▶ Assigned task: Exclude the pictures and reproduce the remaining data exactly as written.

▶ Data extract:
========================

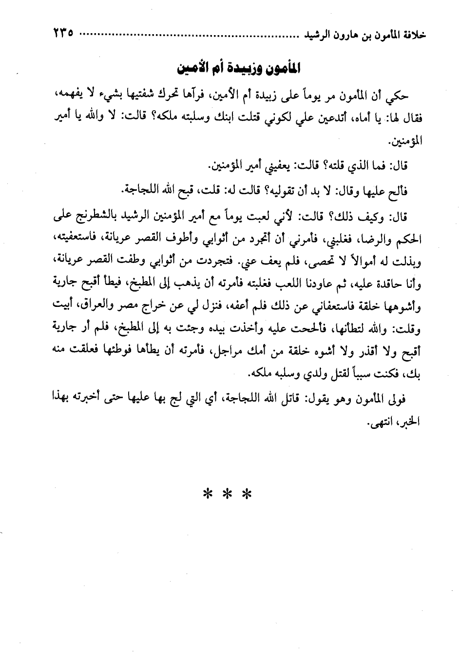 حكي أن المأمون مر يوماً على زبيدة أم الأمين، فرآها تحرك شفتيها بشيء لا يفهمه، فقال لها: يا أماه، أتدعين علي لكوني قتلت ابنك وسلبته ملكه؟ قالت: لا والله يا أمير المؤمنين.
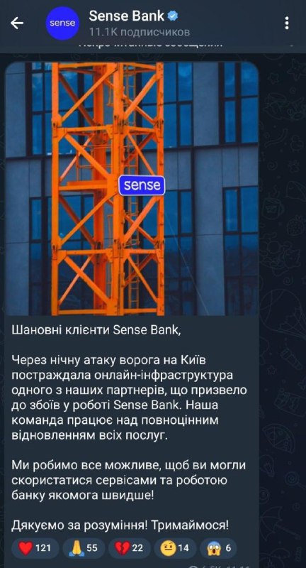 14:16 Мобильное приложение государственного Sense Bank не работает, а его сайт грузится через раз. Банк уже сделал заявление на этот счет, объяснив технические проблемы ночной дроново-ракетной атакой на Киев.
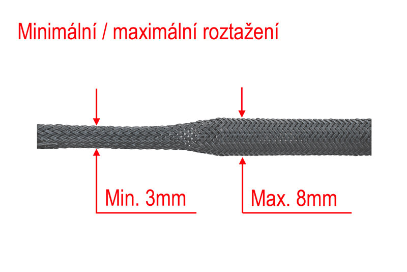 Ochranný oplet slouží pro mechanickou, flexibilní ochranu kabelových svazků. Vyrobené z polyesterových vláken spletených do kříže, které umožňují flexibilní roztažení a obepnutí nerovností v kabelovém vedení.

========================

▶ Reply:
 حكي أن المأمون مر يوماً على زبيدة أم الأمين، فرآها تحرك شفتيها بشيء لا يفهمه، فقال لها: يا أماه، أتدعين علي لكوني قتلت ابنك وسلبته ملكه؟ قالت: لا والله يا أمير المؤمنين.
 14:16 Мобильное приложение государственного Sense Bank не работает, а его сайт грузится через раз. Банк уже сделал заявление на этот счет, объяснив технические проблемы ночной дроново-ракетной атакой на Киев.
 Ochranný oplet slouží pro mechanickou, flexibilní ochranu kabelových svazků. Vyrobené z polyesterových vláken spletených do kříže, které umožňují flexibilní roztažení a obepnutí nerovností v kabelovém vedení.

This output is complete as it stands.